Records from a dataset:
☆ ☆ ☆

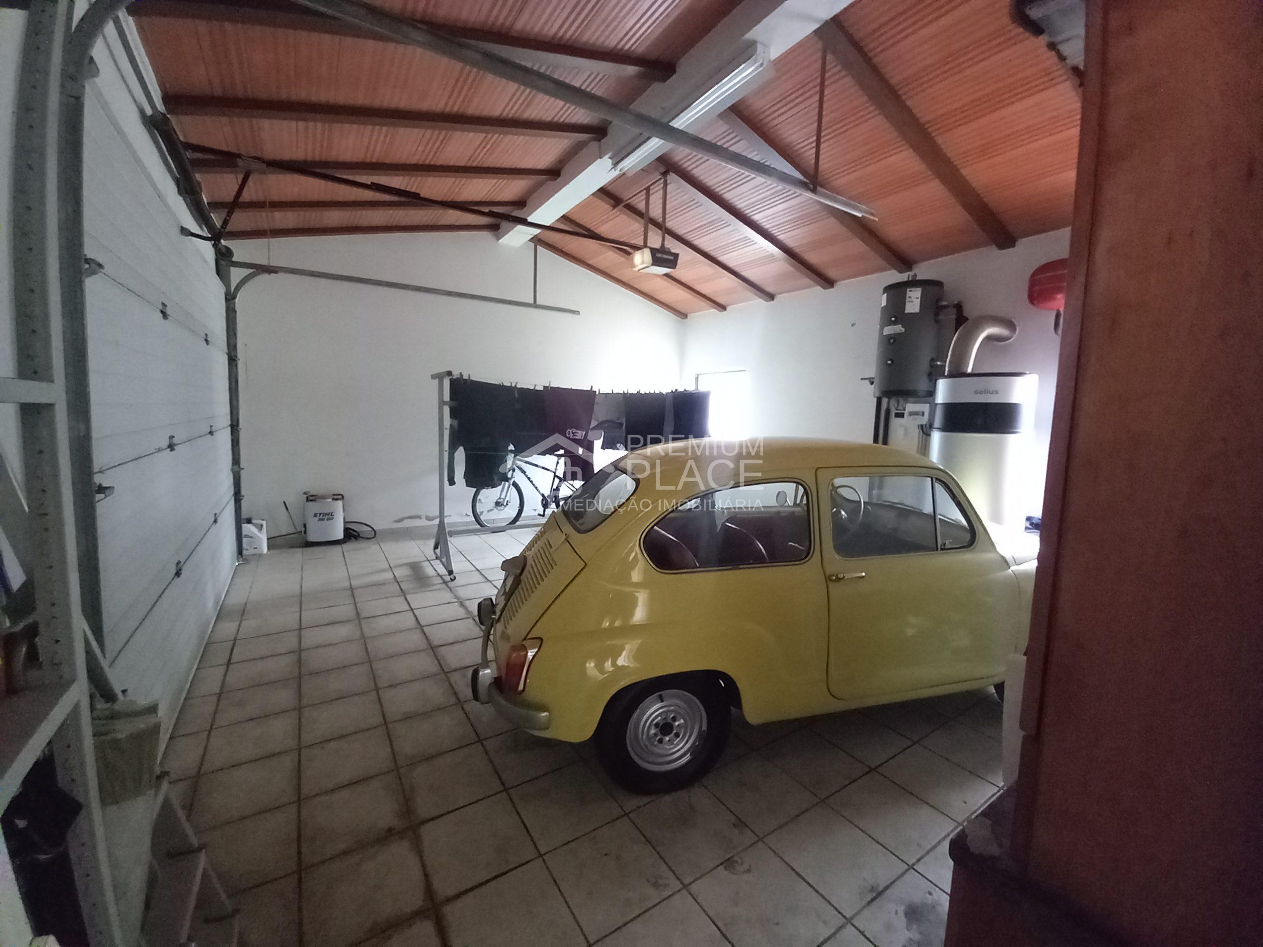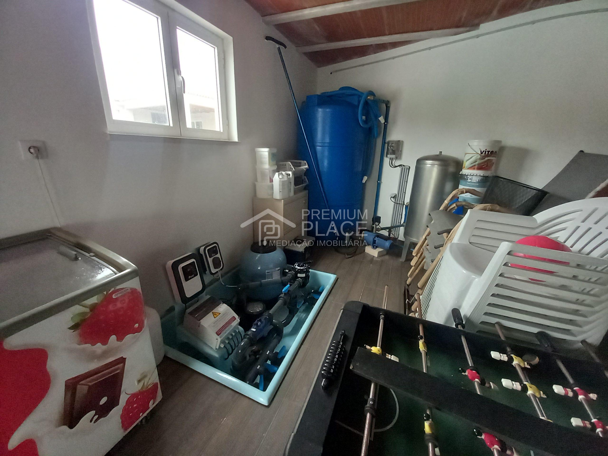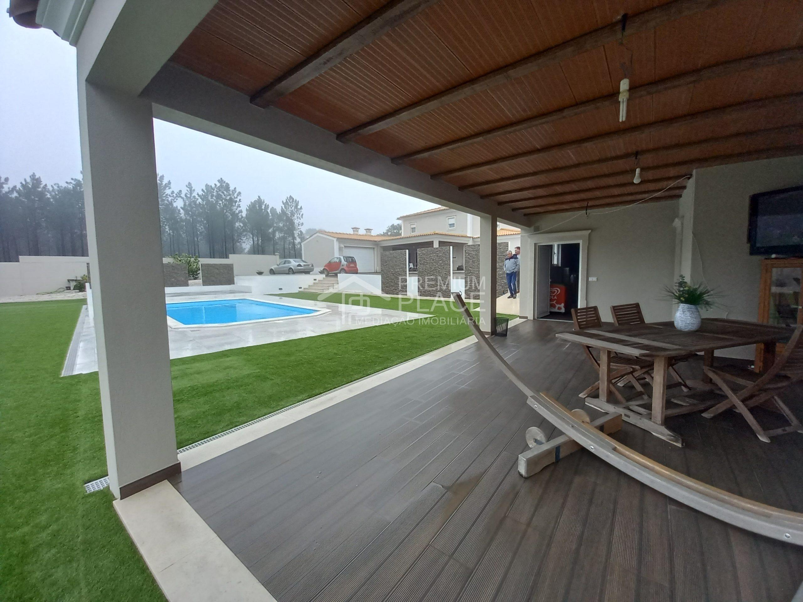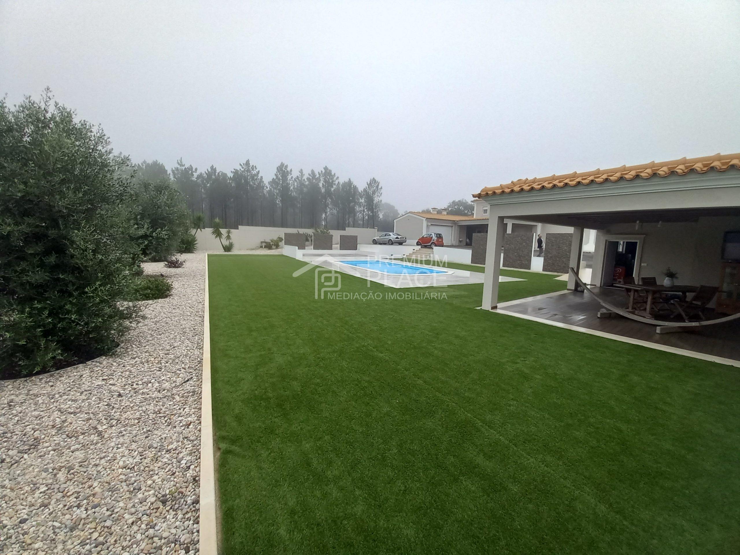 Nas traseiras do imóvel temos uma maravilhosa Piscina com Deck de apoio e 1 Sala de Arrumos, também temos o acesso a uma espaçosa Garagem. Podemos contar com jardim verde em toda a volta da moradia e um caminho em brita, que dá um requinte e faz contraste com a piscina e o relvado.
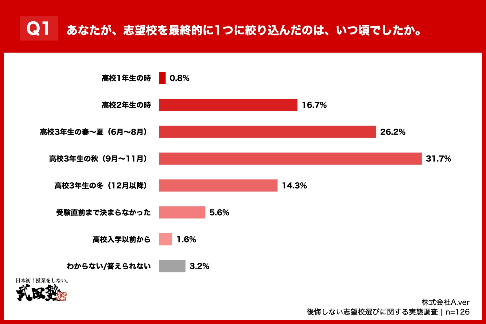 「Q1. あなたが、志望校を最終的に1つ(または2~3つ)に絞り込んだのは、いつ頃でしたか。」(n=126)と質問したところ、「高校3年生の春~夏(6月~8月)」が26.2%、「高校3年生の秋(9月~11月)」が31.7%という回答となりました。
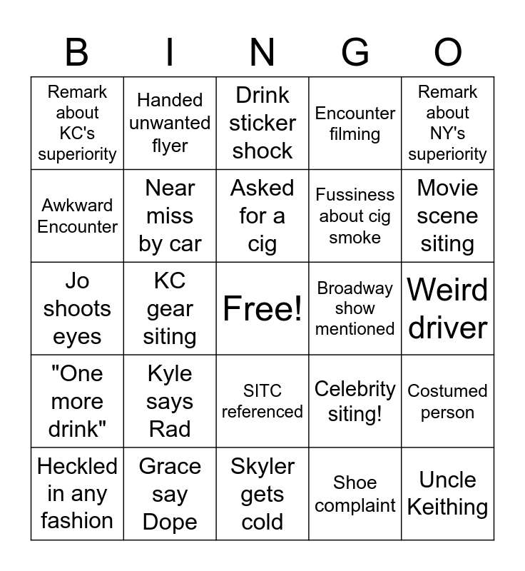 This bingo card has a free space and 24 words: Kyle says Rad, Grace say Dope, Asked for a cig, Heckled in any fashion, Remark about NY's superiority, Remark about KC's superiority, Awkward Encounter, Handed unwanted flyer, Broadway show mentioned, SITC referenced, Fussiness about cig smoke, Jo shoots eyes, Celebrity siting!, Costumed person, Near miss by car, Shoe complaint, Weird driver, Drink sticker shock, Movie scene siting, KC gear siting, Uncle Keithing, "One more drink", Encounter filming and Skyler gets cold.
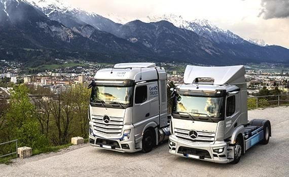 Mercedes-Benz продемонстрировал в Тироле на высотах до 1560 метров над уровнем моря 2 новых грузовика с топливным элементом на основе водорода Mercedes-Benz GenH2 и электрический Mercedes-Benz eActros 300. Доктор Далибор Дудич, руководитель проектов грузовиков Mercedes-Benz отметил этапы запуска в серию:
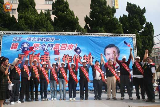隨著十二月三日三合一選舉選戰日期的逐漸接近,中國國民黨金門縣黨部於昨日上午10時舉辦一場「逗陣走 作伙拚」大會,為黨籍提名、徵召和報准的鄉、鎮長和縣議員候選人造勢,也為選戰加溫。 國民黨中央組織發展委員會副主委王能章也專程來金參與造勢活動,與金門縣黨部主委林國平共同為全體黨籍提名、徵召和報准的鄉、鎮長和縣議員披掛彩帶暨授戰旗。中國國民黨金門縣委員會經中央黨部核定:金門縣議員一個選區應選十八名,提名林長耕︿烈嶼鄉民代表會主席﹀、王再生︿縣議員﹀、洪成發︿縣議員﹀、許華玉︿縣議員﹀、莊良時︿縣議長﹀、許玉昭︿縣議員﹀、洪麗萍︿縣議員﹀等七位。另報准陳永財、許建中、楊永立、蔡群生、李麗貌、張雲德、周子傑等七位。鄉鎮長部份:金城鎮提名蔡輝詩︿現任金城鎮鎮長﹀,金湖鎮提名陳志強︿現任金湖鎮民眾服務社主任﹀,金沙鎮提名陳昆第︿現任金門縣青溪協會理事長﹀,金寧鄉提名李文俊︿現任金寧鄉鄉長﹀,烈嶼鄉徵召林金量︿現任烈嶼鄉鄉長﹀,烏坵鄉提名蔡元珍︿現任烏坵鄉鄉長﹀。 王能章籲請全體黨員共同支持黨籍提名、徵召和報准的鄉、鎮長和縣議員候選人,贏得勝選。他也批評執政的民進黨主政五年多,讓國家走向經濟敗壞、社會不安的狀況,這樣執政的民進黨,也就是讓民眾原來幸福美滿希望落空的主要原因,人民要贏回來的是經濟的突飛猛進、兩岸穩定的和平,沒有戰爭的威脅。 國民黨籍的鄉鎮長和縣議員候選人也帶著支持的選民到現場造勢,炒熱了選戰的氣氛。
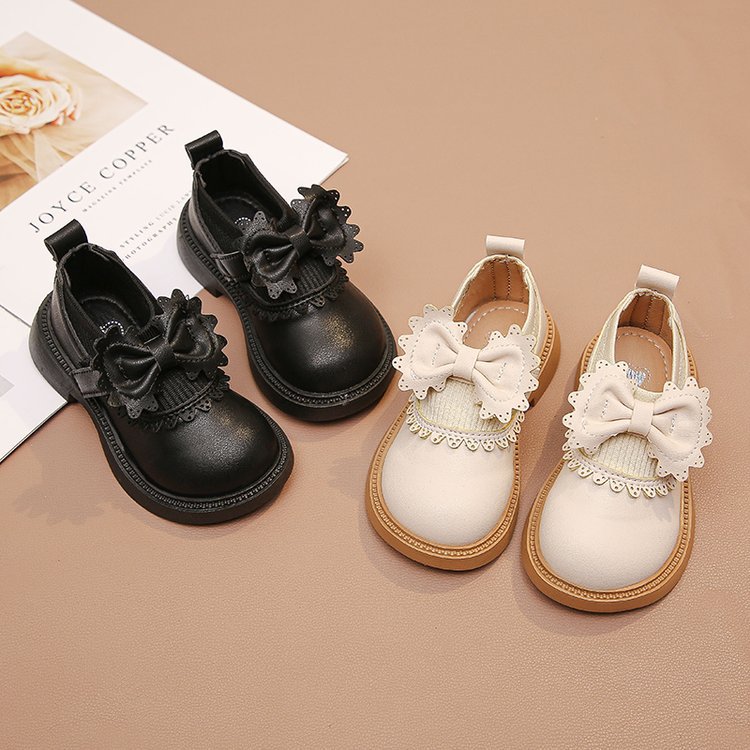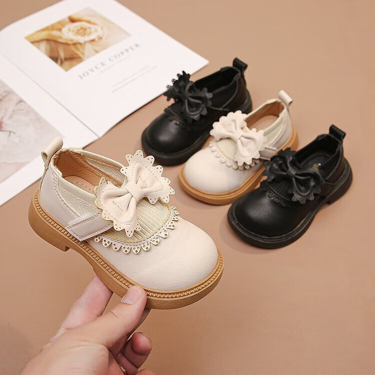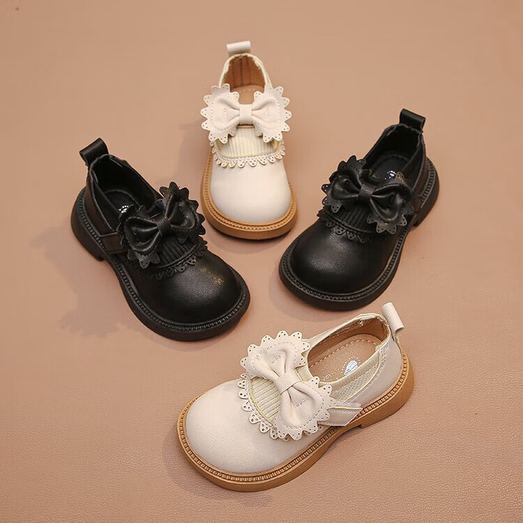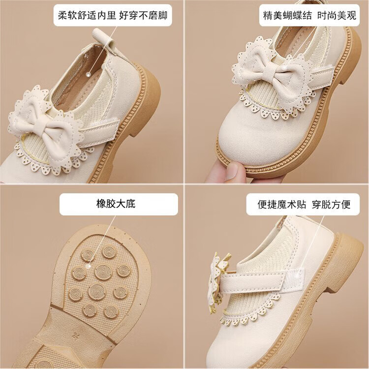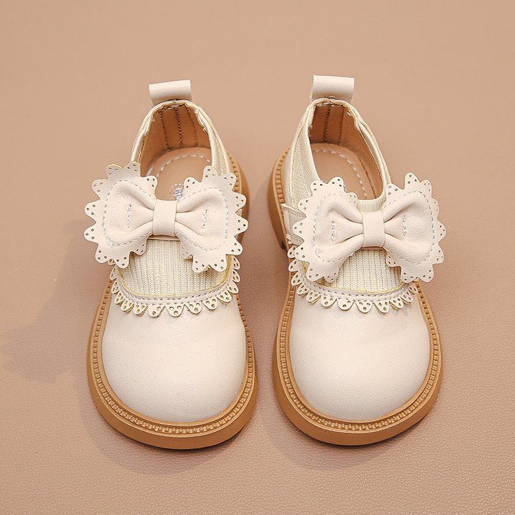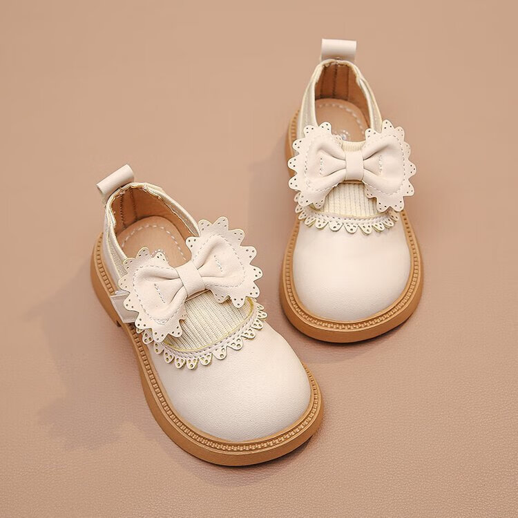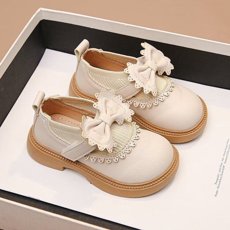 Bangboshi Girls' Small Leather Shoes Princess Shoes 2026 Four Seasons New British Style Girls' Versatile Soft Sole Performance and School Wear Single Shoes Bow-Off-White Size 28 Inner Length 17.4cm

☆ ☆ ☆

▶ **Your instructions**: A verbatim copy of the data, free of pictures, is the expected answer.

▶ **Answer to this task**:
 Nas traseiras do imóvel temos uma maravilhosa Piscina com Deck de apoio e 1 Sala de Arrumos, também temos o acesso a uma espaçosa Garagem. Podemos contar com jardim verde em toda a volta da moradia e um caminho em brita, que dá um requinte e faz contraste com a piscina e o relvado.
 「Q1. あなたが、志望校を最終的に1つ(または2~3つ)に絞り込んだのは、いつ頃でしたか。」(n=126)と質問したところ、「高校3年生の春~夏(6月~8月)」が26.2%、「高校3年生の秋(9月~11月)」が31.7%という回答となりました。
 This bingo card has a free space and 24 words: Kyle says Rad, Grace say Dope, Asked for a cig, Heckled in any fashion, Remark about NY's superiority, Remark about KC's superiority, Awkward Encounter, Handed unwanted flyer, Broadway show mentioned, SITC referenced, Fussiness about cig smoke, Jo shoots eyes, Celebrity siting!, Costumed person, Near miss by car, Shoe complaint, Weird driver, Drink sticker shock, Movie scene siting, KC gear siting, Uncle Keithing, "One more drink", Encounter filming and Skyler gets cold.
 Mercedes-Benz продемонстрировал в Тироле на высотах до 1560 метров над уровнем моря 2 новых грузовика с топливным элементом на основе водорода Mercedes-Benz GenH2 и электрический Mercedes-Benz eActros 300. Доктор Далибор Дудич, руководитель проектов грузовиков Mercedes-Benz отметил этапы запуска в серию:
隨著十二月三日三合一選舉選戰日期的逐漸接近,中國國民黨金門縣黨部於昨日上午10時舉辦一場「逗陣走 作伙拚」大會,為黨籍提名、徵召和報准的鄉、鎮長和縣議員候選人造勢,也為選戰加溫。 國民黨中央組織發展委員會副主委王能章也專程來金參與造勢活動,與金門縣黨部主委林國平共同為全體黨籍提名、徵召和報准的鄉、鎮長和縣議員披掛彩帶暨授戰旗。中國國民黨金門縣委員會經中央黨部核定:金門縣議員一個選區應選十八名,提名林長耕︿烈嶼鄉民代表會主席﹀、王再生︿縣議員﹀、洪成發︿縣議員﹀、許華玉︿縣議員﹀、莊良時︿縣議長﹀、許玉昭︿縣議員﹀、洪麗萍︿縣議員﹀等七位。另報准陳永財、許建中、楊永立、蔡群生、李麗貌、張雲德、周子傑等七位。鄉鎮長部份:金城鎮提名蔡輝詩︿現任金城鎮鎮長﹀,金湖鎮提名陳志強︿現任金湖鎮民眾服務社主任﹀,金沙鎮提名陳昆第︿現任金門縣青溪協會理事長﹀,金寧鄉提名李文俊︿現任金寧鄉鄉長﹀,烈嶼鄉徵召林金量︿現任烈嶼鄉鄉長﹀,烏坵鄉提名蔡元珍︿現任烏坵鄉鄉長﹀。 王能章籲請全體黨員共同支持黨籍提名、徵召和報准的鄉、鎮長和縣議員候選人,贏得勝選。他也批評執政的民進黨主政五年多,讓國家走向經濟敗壞、社會不安的狀況,這樣執政的民進黨,也就是讓民眾原來幸福美滿希望落空的主要原因,人民要贏回來的是經濟的突飛猛進、兩岸穩定的和平,沒有戰爭的威脅。 國民黨籍的鄉鎮長和縣議員候選人也帶著支持的選民到現場造勢,炒熱了選戰的氣氛。
 Bangboshi Girls' Small Leather Shoes Princess Shoes 2026 Four Seasons New British Style Girls' Versatile Soft Sole Performance and School Wear Single Shoes Bow-Off-White Size 28 Inner Length 17.4cm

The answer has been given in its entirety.